Distance between two vertices is length of shortest path that connects them.
Consider a vertex in a tree, call it V. Pick the (or one of the) vertex in the tree that is farthest from V in terms of distance, call it X. Now pick the vertex (or one of the) vertex in the tree that is farthest from X in terms of distance, call it Y. Show that the shortest path from X to Y is the longest, or one of the longest, shortest path in the tree.
I have a few approaches but they all call for many cases. You can try contradiction after you build your tree, or try rooting your tree at V, but neither of these is that pretty... any innovative approaches?
Yes I agree that every path between two vertices is unique.
So we know that path from X to Y is equal to or longer than path from V to X. If the paths share no vertices in common, then that's a contradiction since then our choice of X would have been Y to start with... We also know that if the path from X to Y is part of the longest path on the tree, then Y must be an endpoint of the longest path (if not it leads to the same contradiction)

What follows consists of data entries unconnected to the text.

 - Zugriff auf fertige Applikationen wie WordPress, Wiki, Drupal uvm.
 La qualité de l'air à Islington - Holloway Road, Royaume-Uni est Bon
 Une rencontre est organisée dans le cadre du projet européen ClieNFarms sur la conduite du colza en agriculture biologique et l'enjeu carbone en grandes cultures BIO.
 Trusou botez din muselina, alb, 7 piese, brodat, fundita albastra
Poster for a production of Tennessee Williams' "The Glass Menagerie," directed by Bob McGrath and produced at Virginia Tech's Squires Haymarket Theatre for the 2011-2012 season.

But I am stuck here. The paths (V to X and X to Z) have some node in common (other than X) at least is all I know, but I can't make any more leaps from here.

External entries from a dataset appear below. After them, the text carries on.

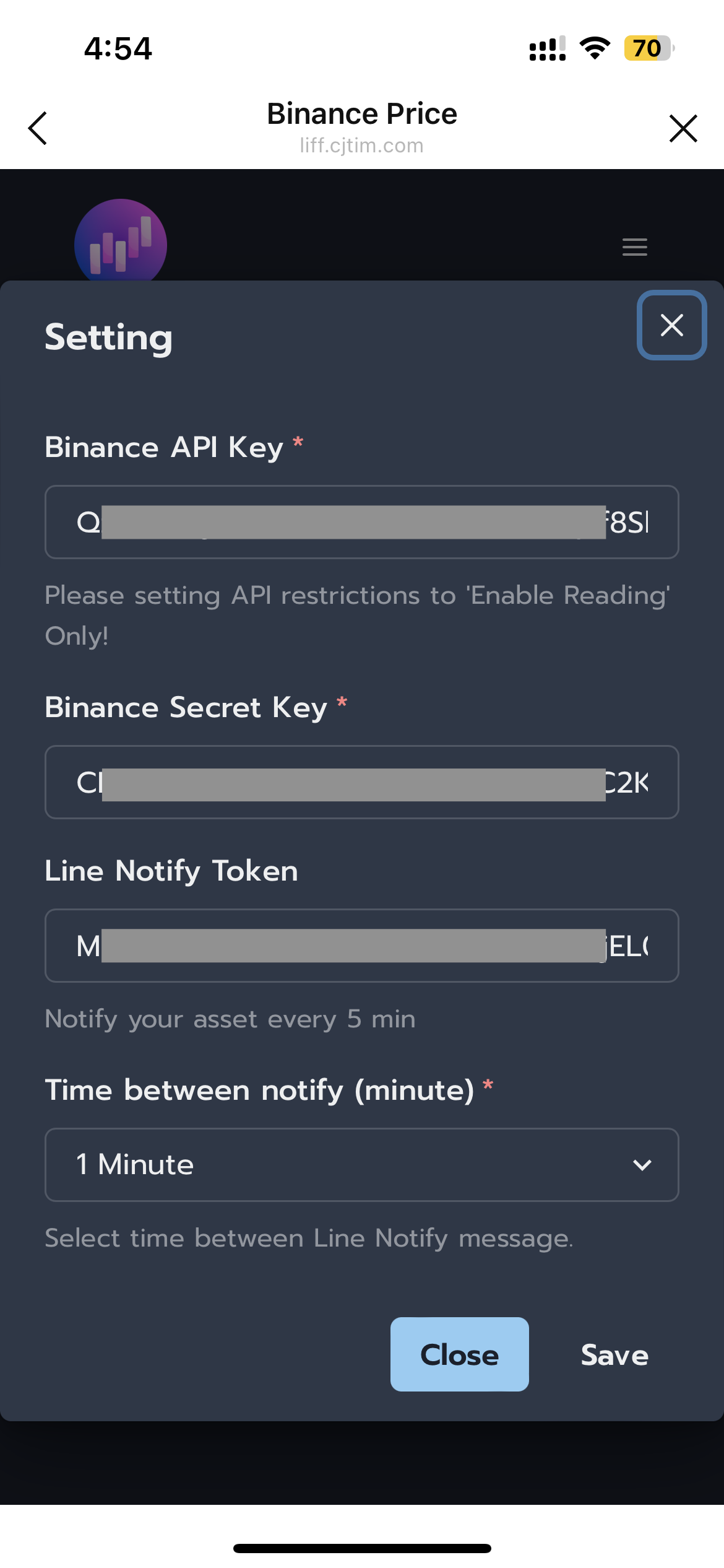 - Paste your Binance API key and LINE Notify key.
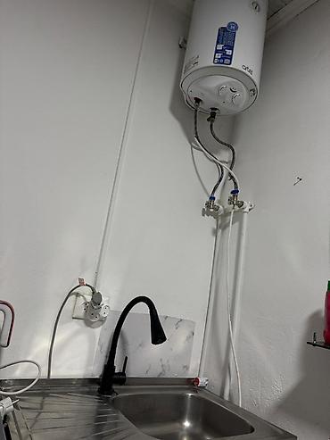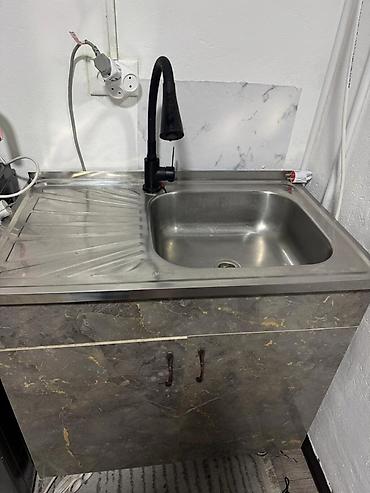 - Кухонный уголок: мойка, смеситель, настенный электрический водонагреватель Artel (обеспечивает горячую воду), розетки рядом для техники, столешница.
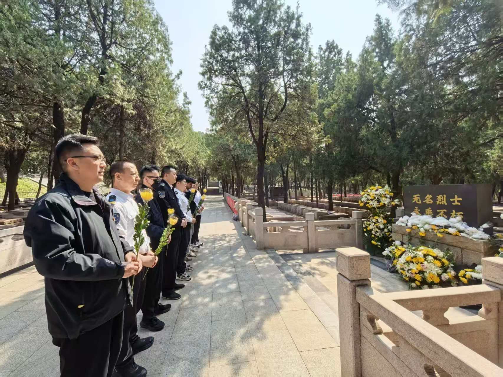 清扫完毕后,大家整齐肃立于无名烈士纪念碑前。低头鞠躬、静默默哀,无声的哀思里,是对那些未留姓名、却以生命赴使命的先烈最深沉的敬仰;随后,大家依次敬献鲜花,花瓣轻触碑身,承载着“山河为证、英魂永存”的信念,传递着“不忘初心、砥砺前行”的誓言。

Yes, but the question is asking to prove that the path length between X and Y is equal to the diameter of the tree. I understand that there is a unique path between X and Y, in that there is only one path to take to get from X to Y. But that doesn't necessarily mean that the length of this path is the diameter of the tree.
So if X is the farthest node from some random node V, and Y is the farthest node from X, we are asked to prove that the path from X to Y is longer than or as long as any path between any two vertices in the tree. I don't see how simply observing that every path between vertices is unique helps prove that X --> Y gives the maximal path length.
Using your notation, If the tree has more that one vertex then V not equal X.
It is possible that V=Y. In which case one can argue that the path from X-V is the longest in the tree.
Now if V is not Y then X-V-Y. In which case one can argue that the path from X-Y is the longest in the tree.